# Pfeil / Linie (Vektor) biegen, Wie?



## tutorial-hilfe (7. April 2006)

Hallo, 

wie biegt man den solche Pfeile (siehe Anhang)?
Ich habe es mit Ellipse zeichnen versucht und dann dort die Spitzten drüber gelegt.
Nur wie kann das sonnst gemacht werden?

Mit freundlichen Grüßen


----------



## Jan-Frederik Stieler (7. April 2006)

Hi,
also das Bild is tbestimmt mit einem 3D Programm erstellt worden.
Aber in einem Vektorprogramm würde ich das nicht mit den geometrischen Grundformen erstellen sondern mit dem Pfadwerkzeug nachzeichnen. 

Gruß


----------



## tutorial-hilfe (7. April 2006)

DirtyWorld hat gesagt.:
			
		

> Hi,
> also das Bild is tbestimmt mit einem 3D Programm erstellt worden.
> Aber in einem Vektorprogramm würde ich das nicht mit den geometrischen Grundformen erstellen sondern mit dem Pfadwerkzeug nachzeichnen.
> Gruß



Wie kann ich den den oberen Pfeil erstellen?


----------



## Jan-Frederik Stieler (8. April 2006)

Wenn du den türkisnen meinst da nimmst du einfach die elipse und an der Stelle wo das Loch ist machst du ein rechteck drüber und verwendest die Pathfinderfunktion (Illustrator) oder in Freehand die Öffnenfunktion (zufinden unter den Xtra-Funktionen).

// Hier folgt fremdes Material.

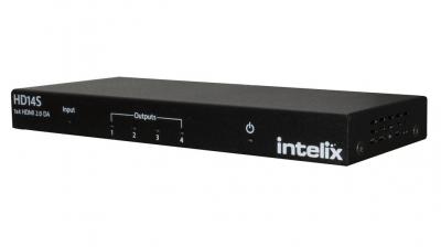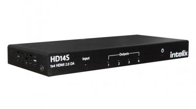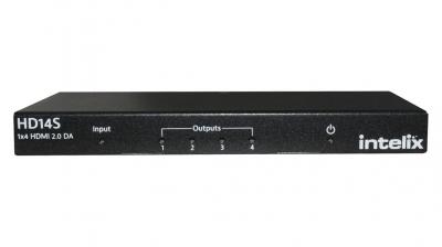 The Intelix HD14S is a 1x4 HDMI splitter with HDMI 2.0 and HDCP 2.2. The HD14S supports data rates up to 18Gbps and resolutions of 4K2K@60Hz (4:2:0). The HD14S features EDID management which provides multiple EDID options for various resolutions output and HDCP encryption between all devices, ensuring the HDMI source reliably outputs the correct content for the display.
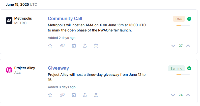 Календарь криптовалют Коиндар
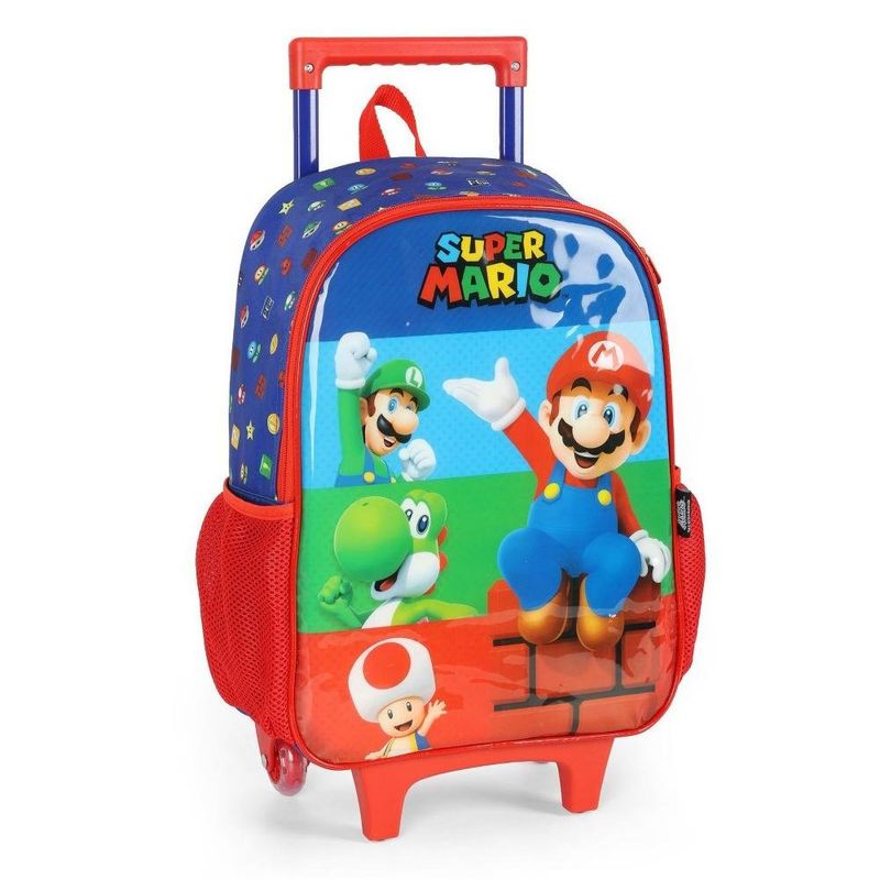 Com o Kit Mochila De Rodinha e Alça Mario e Amigos + Lancheira, os pequenos fãs de Mario podem levar seus personagens favoritos para todas as aventuras escolares!
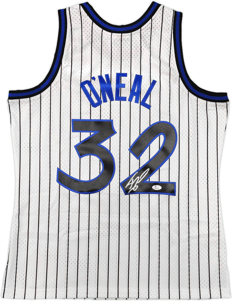 This is a White Authentic Mitchell & Ness Orlando Magic 1993-94 HWC Swingman Jersey that has been hand signed by Shaquille Shaq O'Neal. This jersey is Size L. This item has been certified authentic by PSA/DNA and comes with their tamper-proof hologram and matching certificate of authenticity.
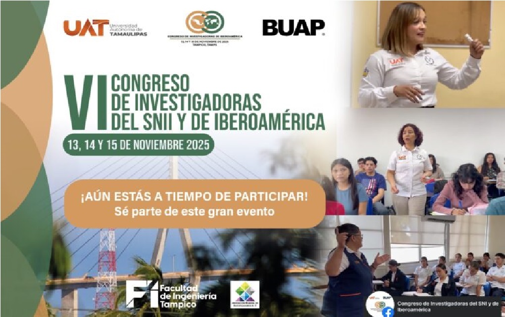 La Universidad Autónoma de Tamaulipas (UAT), en colaboración con la Benemérita Universidad Autónoma de Puebla (BUAP) y el Consejo Tamaulipeco de Ciencia y Tecnología (COTACYT), convocan al VI Congreso de Investigadoras del Sistema Nacional de Investigadoras e Investigadores (SNII) y de Iberoamérica 2025, que tendrá lugar del 13 al 15 de noviembre en la Facultad de Ingeniería Tampico.
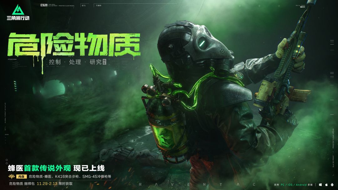 “控制·处理·研究” 蜂医首款传说外观【危险物质】现已上线! 组合包内含【蜂医-危险物质】、【K416突击步枪-危险物质】、【SMG-45-危险物质】及危险物质系列喷漆头像军牌等多样物品! 聚变赛季正在火热进行中!参与对局即可免费领取新干员佐娅及海量版本福利!
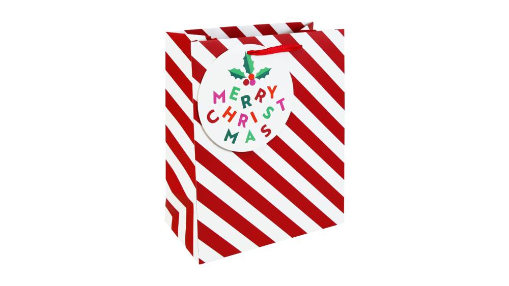 - Letisztult, piros-fehér, átlós csíkozású ajándéktasak, amely vidám, karácsonyi cukorpálca-hangulatot idéz
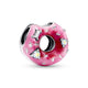 A jewellery gift as sweet as your love. The Sparkling Sprinkled Donut Charm is inspired by a universe of pop art and saturated candy colours. This playful yet modern charm takes the shape of a donut in sterling silver, complete with hand-applied pink gradient enamel frosting and a bite taken out of one side (who can resist a delicious donut?). The frosting is topped with polished silver sprinkles, one clear cubic zirconia and two Aurora Borealis cubic zirconia - shimmering with clear, pink and blue tones depending on how the light hits. The back is engraved with the words "Love at the first bite." An irresistible treat to add to your favourite Pandora jewellery.
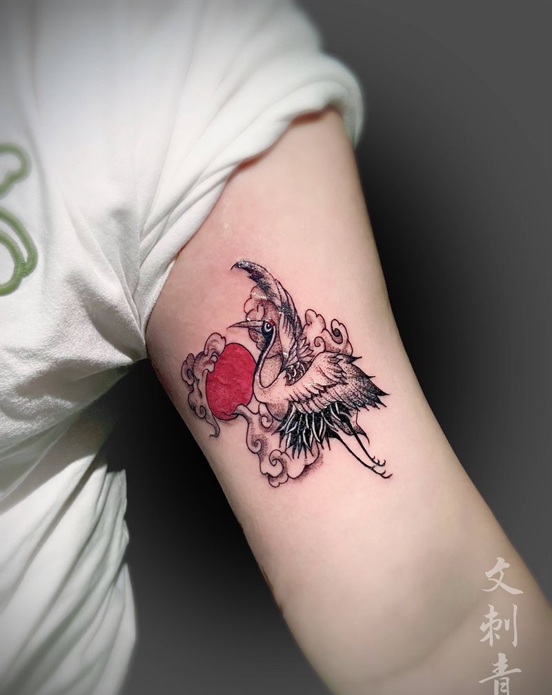 当前位置: 首页 >河南省周口市纹身店-淮阳文·刺青纹身图案>鹤纹身图片_手臂点刺纹身图案
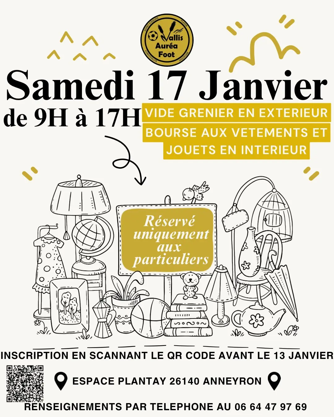 L'association Vallis Auréa Foot organise cet événement. La bourse aux vêtements se situera à l'intérieur , le vide grenier quant à lui sera à l'extérieur.
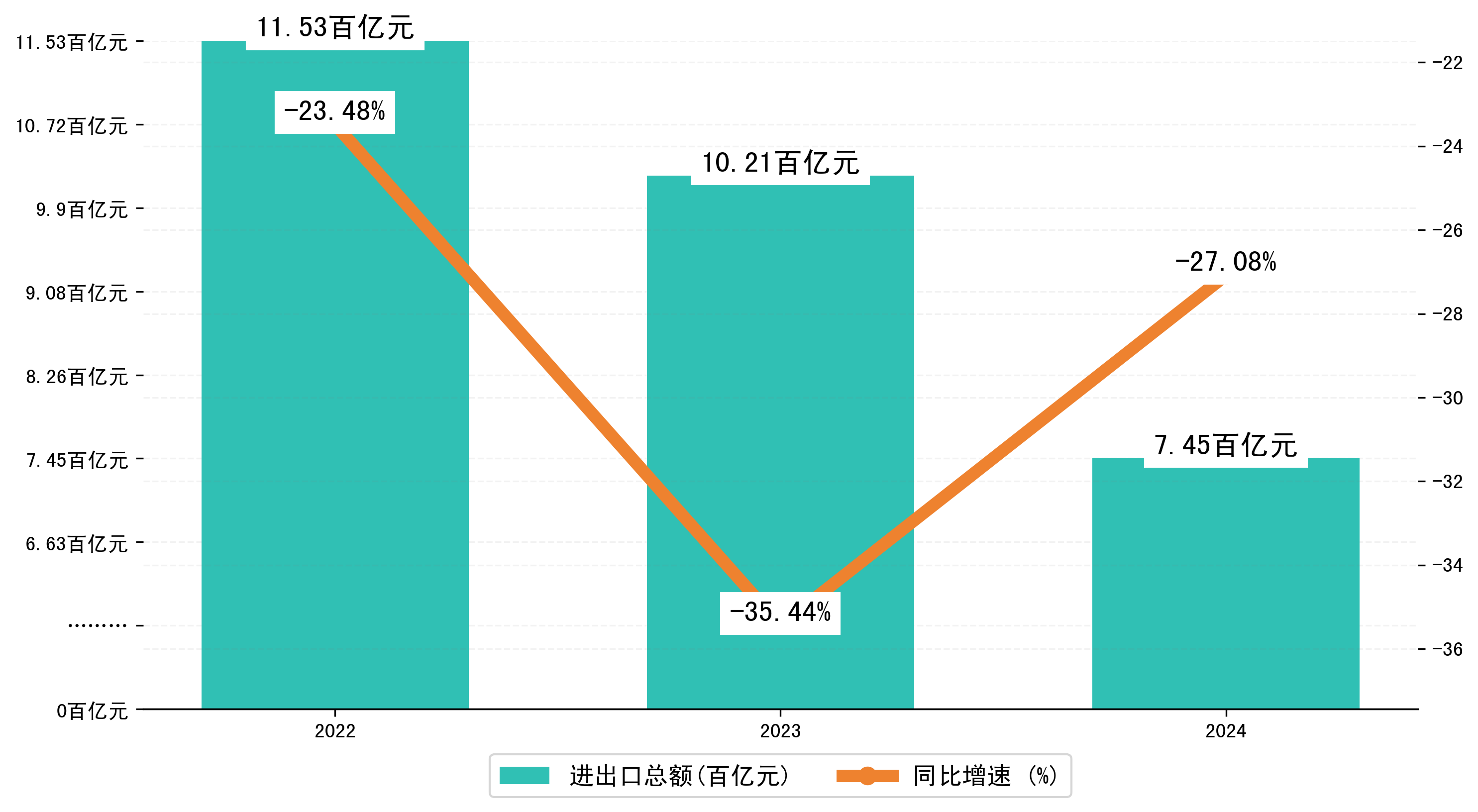 以人民币计,2024年1-10月南宁市进出口总额为744,6200.1658万元,相比上年同期减少了276,5954.6161万元,同比减少了-21.50%。
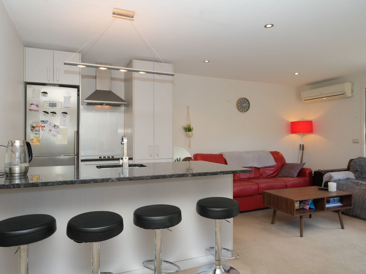 Downstairs you will find the sun drenched open plan kitchen, dining and lounge that flows seamlessly to the private enclosed courtyard. There is also a full bathroom on this level. Upstairs are two spacious double bedrooms plus the second bathroom. Great views. Being fully double glazed and capturing loads of sunshine mean you will hardly need to use the heatpump. Ample parking for three vehicles but you might instead enjoy the level walk or cycle into town.
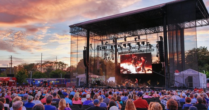 There are street stages and street vendors for enjoying music and food outdoors, while special invited guests play on the Main Stage at the Red Hat Amphitheater.
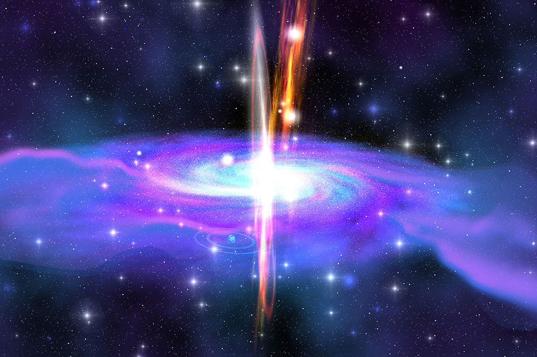 Les scientifiques considèrent qu’ils sont les plus importantes explosions depuis le Big Bang : les éclats de rayons gamma. Ces phénomènes, qui surviennent chaque jour dans l’Univers, dégagent une quantité incommensurable d’énergie. En touchant la planète, une telle manne d’énergie grillerait la couche d’ozone et la plupart des formes de vie seraient alors brûlées par les radiations solaires. Egalement, les températures augmenteraient et des cyclones ravageraient la surface terrestre. Mais un tel scénario a peu de chances de se produire, puisqu’il faudrait qu’un éclat de rayons gamma touche la Terre depuis une distance inférieure à moins de 100 années-lumière, ce qui est extrêmement faible à l’échelle de l’Univers.
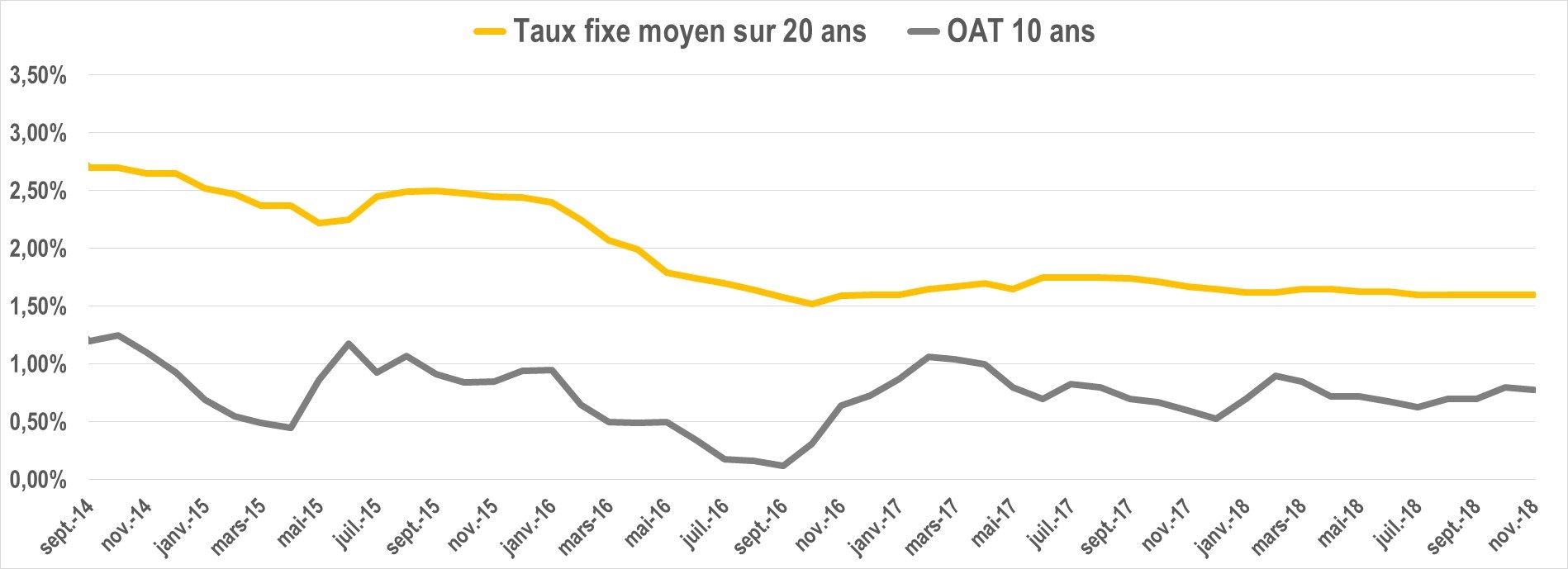Pas de changement sur les OAT (qui servent de référence aux taux des crédits immobiliers aux particuliers) justifiant une hausse des taux. Dans ce contexte, pas de resserrement des marges bancaires par rapport à la situation des mois derniers.
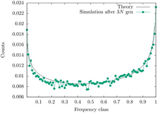 Equilibrium distribution of allele frequencies for a locus with . Simulations are described in [26] and were run for generations. The solid curve is predicted by Equations (12) and (13). The parameter values are s = 0.1, N = , n 200, = 10−5, , = 0.2, and .

Und die Pfeilspitzen grad einfach mit nem Dreieck.
Aber das ist ja eigentlich das was du auch schon ausprobiert hast. Die andere Möglichkeit wäre halt wieder das Pfadwerkzeug zu verwenden. Nur wirst du mit der anderen Methode ein schöneres/perfekteres Ergebnis erreichen.

Gruß


----------



## schurre (8. April 2006)

In Corel Draw nimmst du das Ellipsenwerkzeug, schaltest auf  die geöffnete Kreislinie auf und zeichnest eine Ellipse. Dann die beiden Endpunkte der Linie an die richtige Stelle ziehen. Fehlen noch die Pfeilspitzen: Dazu gehst du auf das Flyoutmenü "Umriss" und dort auf das erste Symbol (Dialogfeld Umrißstift). In dem kannst du dann für beide Enden eine Pfeilspitze auswählen. Die Größe der Pfeilspitze skaliert übrigens mit der Liniendicke.


----------